Depression has been estimated to appear in 20 to 35% of people with PD, and can appear at any stage of the disease. It can manifest with symptoms that are common to the disease process (fatigue, insomnia, and difficulty with concentration), which makes diagnosis difficult. The imbalance and changes in dopamine, serotonin, and noradrenergic hormones are known to be a primary cause of depression in PD-affected people. Another cause is the functional impairment that is caused by the disease. Symptoms of depression can include loss of interest, sadness, guilt, feelings of helplessness/hopelessness/guilt, and suicidal ideation. Suicidal ideation in PD-affected people is higher than in the general population, but suicidal attempts themselves are lower than in people with depression without PD. Risk factors for depression in PD can include disease onset under age 50, being a woman, previous history of depression, severe motor symptoms, and others.

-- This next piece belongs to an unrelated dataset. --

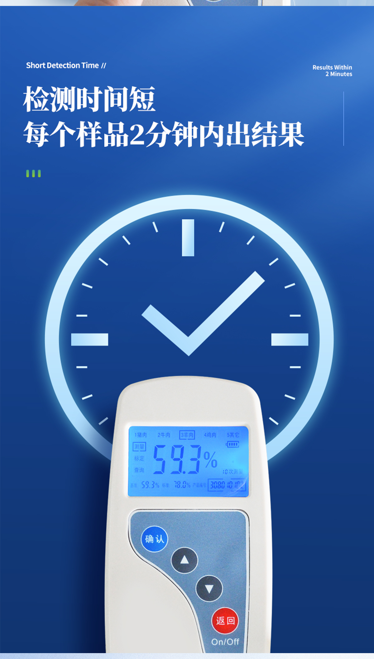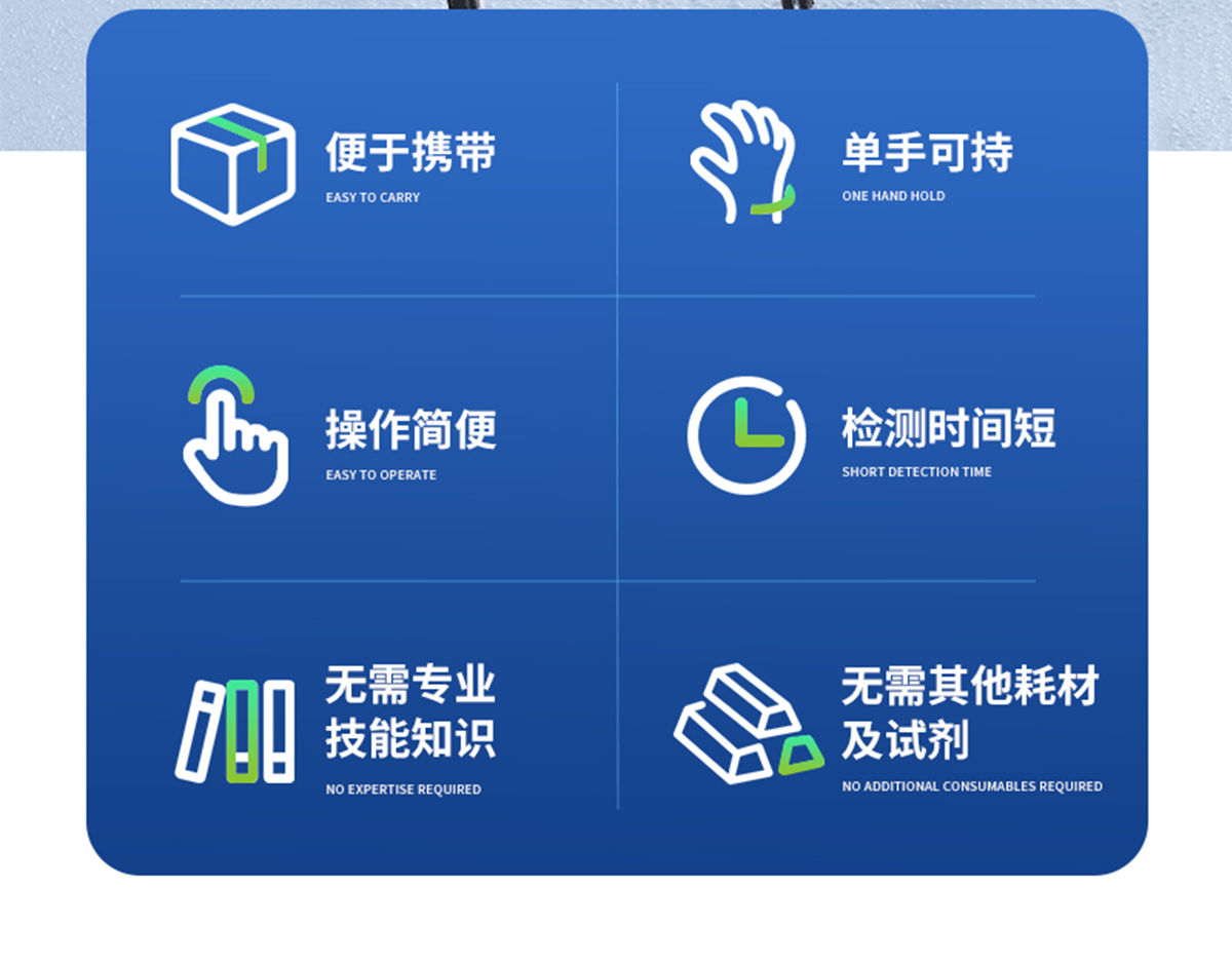| 便于攜帶,單手可持 | 可根據測定對象的品種,設定相應的判斷標準值 | 操作簡便,檢測人員無需專業技能知識 | 檢測時間短,每個樣品2分鐘內出結果; | 檢測試驗無需其他耗材及試劑 |

Anxiety has been estimated to have a prevalence in PD-affected people usually around 30-40% (60% has been found). Anxiety can often be found during "off" periods (times when medication is not working as well as it did before) with PD-affected people suffering from panic attacks more frequently compared to the general population. Both anxiety and depression have been found to be associated with decreased quality of life. Symptoms can range from mild and episodic to chronic with potential causes being abnormal gamma-aminobutyric acid levels and embarrassment or fear about symptoms or disease. Risk factors for anxiety in PD are disease onset under age 50, women, and "off" periods.
Apathy and anhedonia can be defined as a loss of motivation and an impaired ability to experience pleasure, respectively. They are symptoms classically associated with depression, but they differ in PD-affected people in treatment and mechanism, and do not always occur with depression. Apathy presents in around 16.5-40%. Symptoms of apathy include reduced initiative/interests in new activities or the world around them, emotional indifference, and loss of affection or concern for others. Apathy is associated with deficits in cognitive functions including executive and verbal memory.
Sleep disorders are a feature of the disease and can be worsened by medications. Symptoms can manifest as daytime drowsiness (including sudden sleep attacks resembling narcolepsy), disturbances in Rapid eye movement sleep, or insomnia. REM behavior disorder, in which people act out dreams, sometimes injuring themselves or their bed partner, may begin many years before the development of motor or cognitive features of PD or dementia with Lewy bodies.
Alterations in the autonomic nervous system can lead to orthostatic hypotension (low blood pressure upon standing), oily skin, excessive sweating, urinary incontinence, and altered sexual function. Constipation and impaired stomach emptying (gastric dysmotility) can be severe enough to cause discomfort and even endanger health. Changes in perception may include an impaired sense of smell, disturbed vision, pain, and paresthesia (tingling and numbness). All of these symptoms can occur years before diagnosis of the disease.
Many risk factors have been proposed, sometimes in relation to theories concerning possible mechanisms of the disease; however, none has been proven conclusively. The most frequently replicated relationships are an increased risk in those exposed to pesticides, and a reduced risk in smokers. A possible link exists between PD and H. pylori infection that can prevent the absorption of some drugs, including levodopa.
Environmental factors and exposures
Exposure to pesticides and a history of head injury have each been linked with PD, but the risks are modest. Never having smoked cigarettes, and never drinking caffeinated beverages, are also associated with small increases in risk of developing PD.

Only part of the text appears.